Last week, the Government won the votes on identity cards by a majority of 31 and on glorifying terrorism by a majority of 38. What was billed as the worst week for Blair since, er, the last worst week, turned out to be a bitter disappointment to the broadcasters, sadly packing up the cameras and microphones they had set up at the foot of the gibbet.

The story at the start of the week was that of the "dual premiership" of Blair and Brown, an arrangement to prepare for a stable and orderly transition of power after the disaster of Commons defeats. By Thursday it had turned into the story of the left's disappointment with Brown for saving Blair's unworthy skin again.

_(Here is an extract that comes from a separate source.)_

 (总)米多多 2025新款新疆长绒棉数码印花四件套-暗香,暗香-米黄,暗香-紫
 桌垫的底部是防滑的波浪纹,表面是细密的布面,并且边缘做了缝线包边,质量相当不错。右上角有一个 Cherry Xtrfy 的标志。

It was all nonsense. Just because Brown appeared on Andrew Marr's sofa last weekend in a shiny pink tie, looking like a sulky teenager reluctantly dressed for a wedding, did not mean that there had been a new deal between him and Blair. The excitement over the dual premiership overlooked the fact that the phrase never passed the lips of Charles Clarke, the Home Secretary, in the interview that started it. He was asked a question, to which he gave the answer that - to paraphrase - the more Brown were a team player the better.

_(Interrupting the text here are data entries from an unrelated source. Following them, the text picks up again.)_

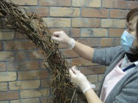 ご近所の方が届けてくれた蔓(つる)を編んで巨大なリース作りです…完成が楽しみですね。
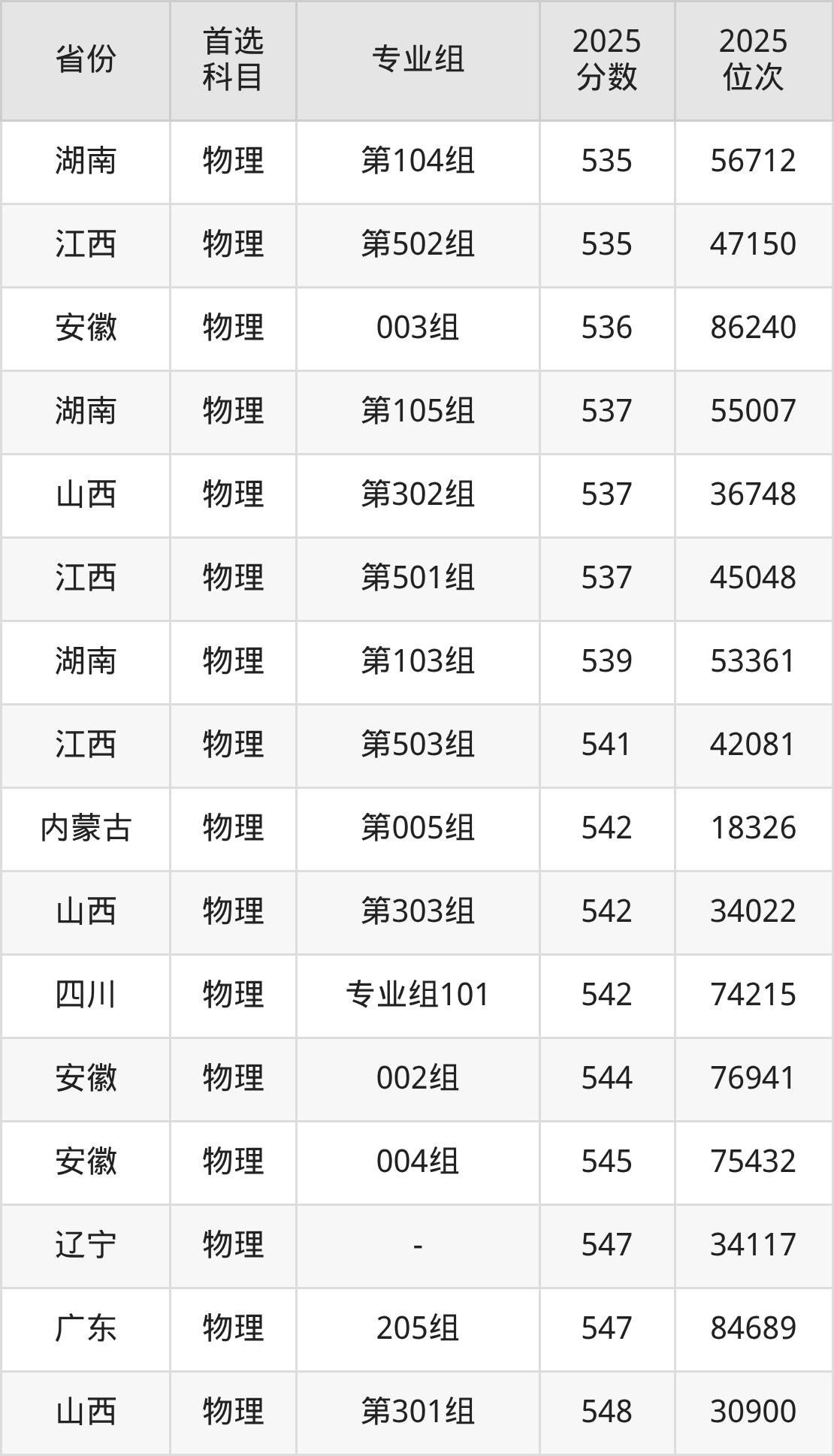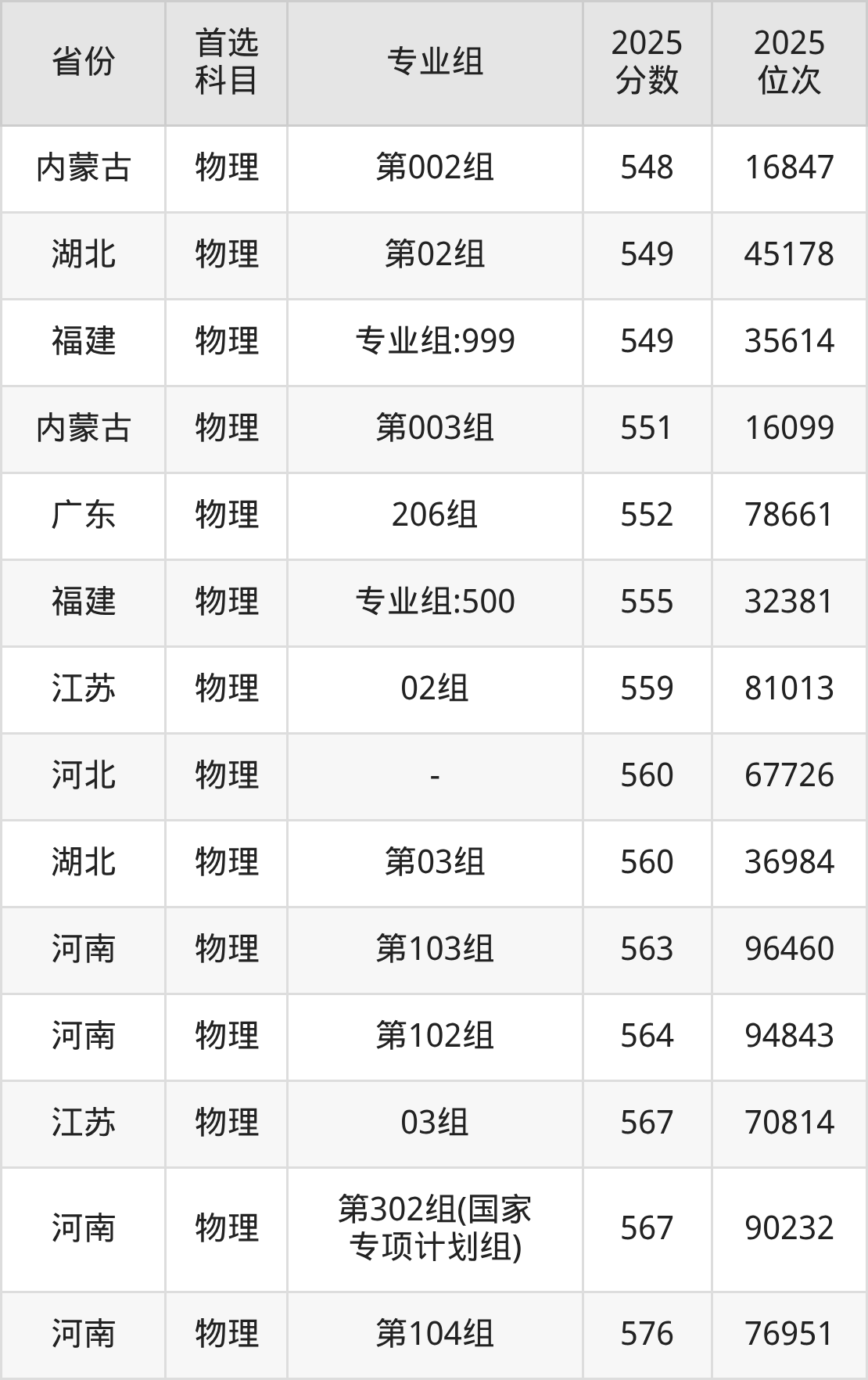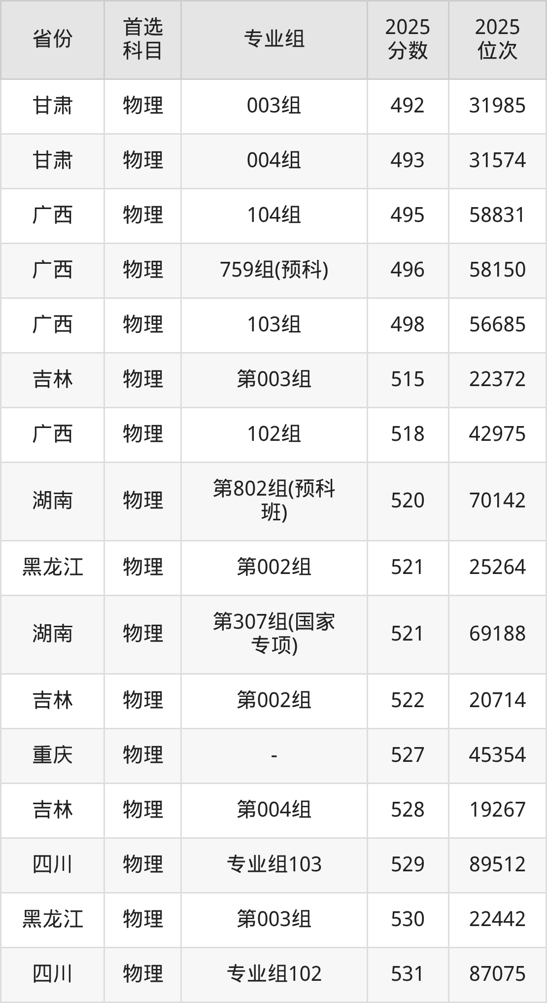 物理类最低分对应地区为宁夏(0y2专业组(预科)),录取位次为11545,超本科B95分;最高分对应地区为河南(第104组),录取位次为76951,超本科线149分。
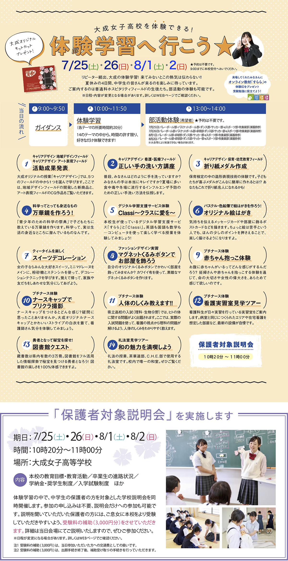 「体験学習・保護者説明会」 7月25日・26日・8月1日・2日に開催します!予約不要!

He was proved right. Late though Brown's support for his government's policies was, as usual, it must have helped to win the votes in the Commons. Not as much, perhaps, as the shock the Labour whips had when they unexpectedly lost two votes on the Religious Hatred Bill at the end of last month. But it helped because it took away the mirage that might have entranced some Labour MPs - the idea that, by voting Blair down, they could get "liberal lefty" Brown instead.

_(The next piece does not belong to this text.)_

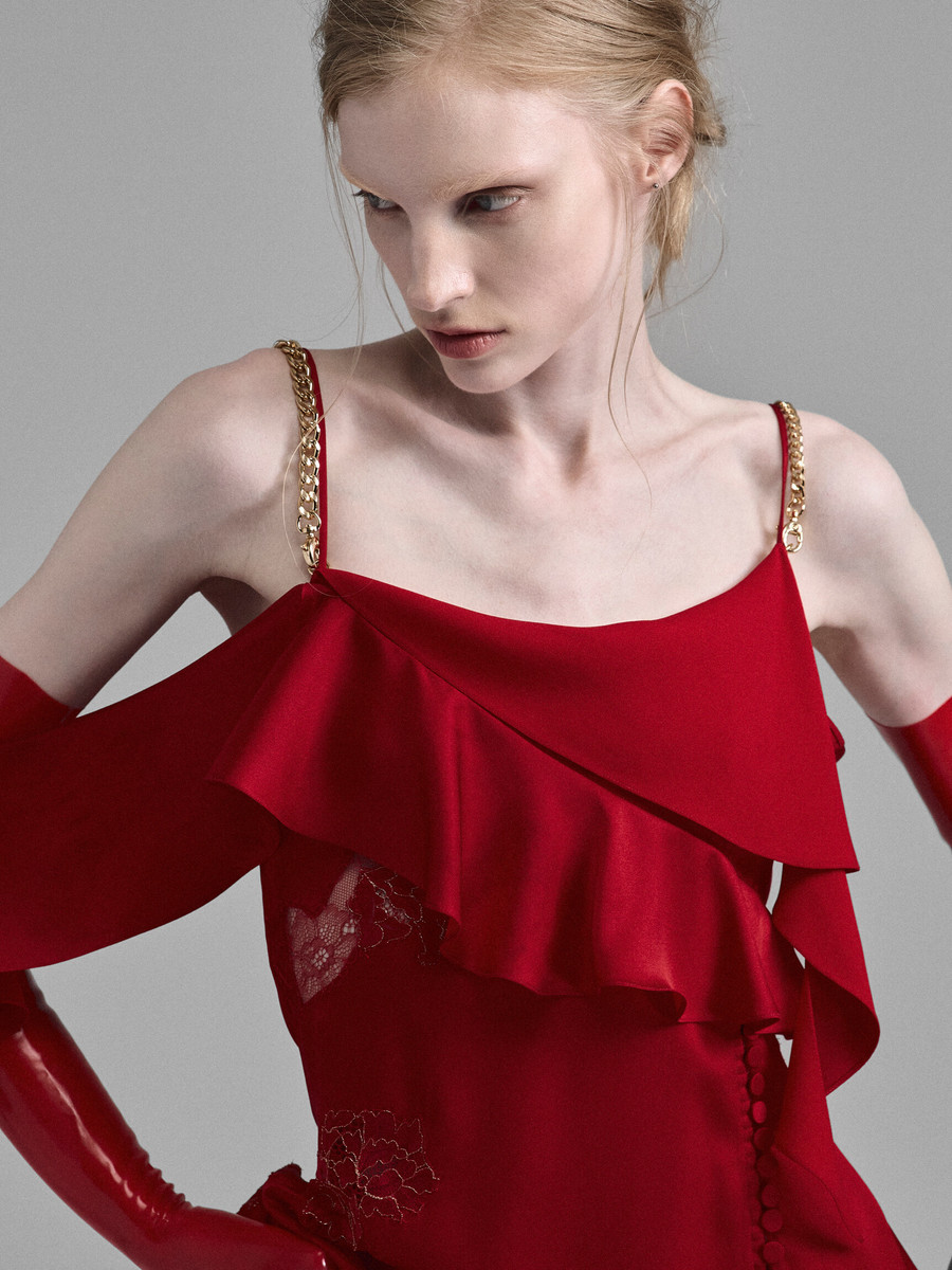 Красное мини-платье с воланами и обнаженной спиной. Тонкие лямки продублированы крупными золотыми цепочками. Асимметричный крой с воланами на лифе делает платье живым, создавая иллюзию движения даже в покое. Ряд обтяжных пуговиц на воздушных петлях обнажает бедро, подол спускается острым краем с одной стороны. Основу платья дополняют прозрачные кружевные вставки в тон.

Brown's decision to put security before civil liberties was not, however, part of a deal with Blair. It was a delayed response to the bursting on to the political stage of David Cameron. For the first time since 1992, the Labour Party faces a credible electoral threat. Brown recognises that and so, increasingly, do Labour MPs. Last week's votes suggest that the Labour Party has not yet lost the appetite for government.

The Chancellor understands that, Labour having overtaken the Tories for the first time in living memory as the party more trusted by the voters on national security, it would be madness to throw that advantage away. With some skill, he has used "security" as a theme to link his reputation for sound economic management with his patriotic duty to strengthen the nation's defence. It helps present him as a reassuring leader, contrasted with Cameron's fluidity.

It is not enough, of course, to guarantee that Brown will win either the Labour leadership or the next general election. But he knows that, too. "I don't think people should take anything for granted," he told the Daily Mail last week. "They shouldn't make any presumptions about party opinion or public opinion."

Some of Brown's supporters are disappointed with him because they think he is being dictated to by Blair. The reality is much worse, for them, and suggests that Brown is a more impressive politician than they thought. He is being dictated to by the need to win not the Labour leadership election but the general election. For that, some in the Labour Party will never forgive him. But for the rest of us, it is a good sign.